エルちゃんやフレイのトラウマを出す案もありましたが、そこまでやってると核が爆発するか達磨にされたシン・アスカが廃人と化しそうだったので没。
オルフェとのやり取りも本来はもっと長かったんですが「これ対面でやった方がいいな」という事で後回し。
ちなみに一発でも核を撃ち漏らしていたらその時点でグッドエンドルートへの道は閉ざされていました。

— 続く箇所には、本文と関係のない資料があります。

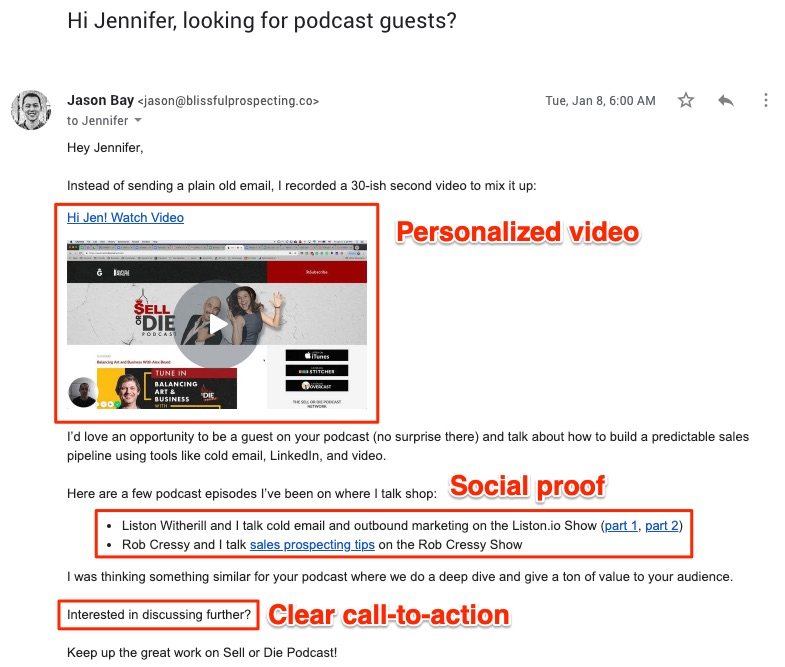 Many businesses are now experimenting with visuals and videos in emails. Outbound Squad takes this further by personalizing the video for the recipient. They also demonstrate social proof to show the recipient that they have delivered high-value podcasts in the past as well.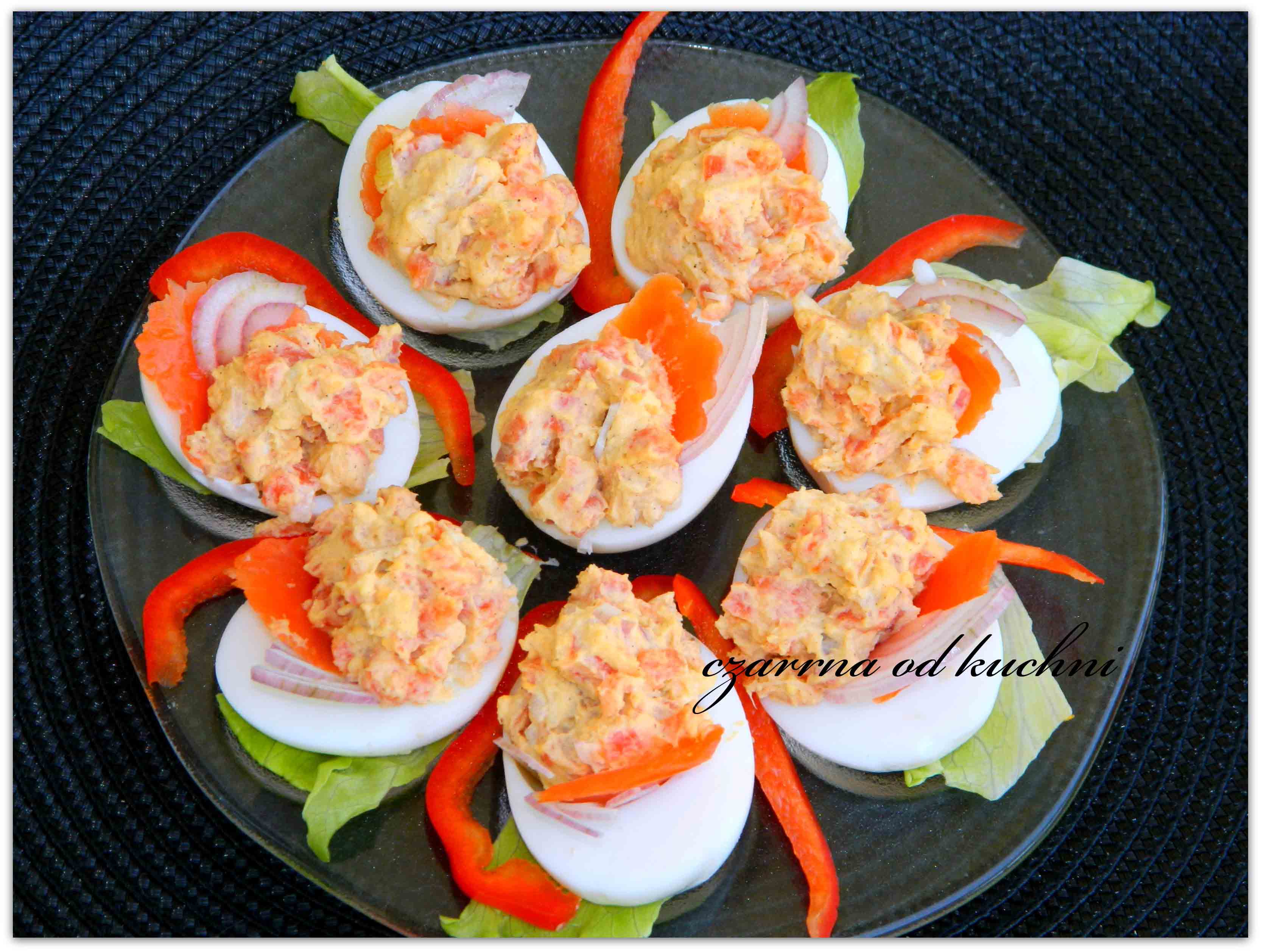 Jajka ugotować na twardo, obrać, wystudzić zetrzeć na tarce jarzynowej,

前話でも書きましたが続きは小説の下巻を買ってからですね。
ジャガンナートの関与具合によって細かい部分が変わってきそう。
というか本作だとラメント議長を取り逃がしたのが致命傷になりそう。
まあ、全世界でデスティニープランを導入させようと思ったら遅かれ早かれ武力による恫喝は必要なので大義名分はいずれ捨て去らなければならないのですが。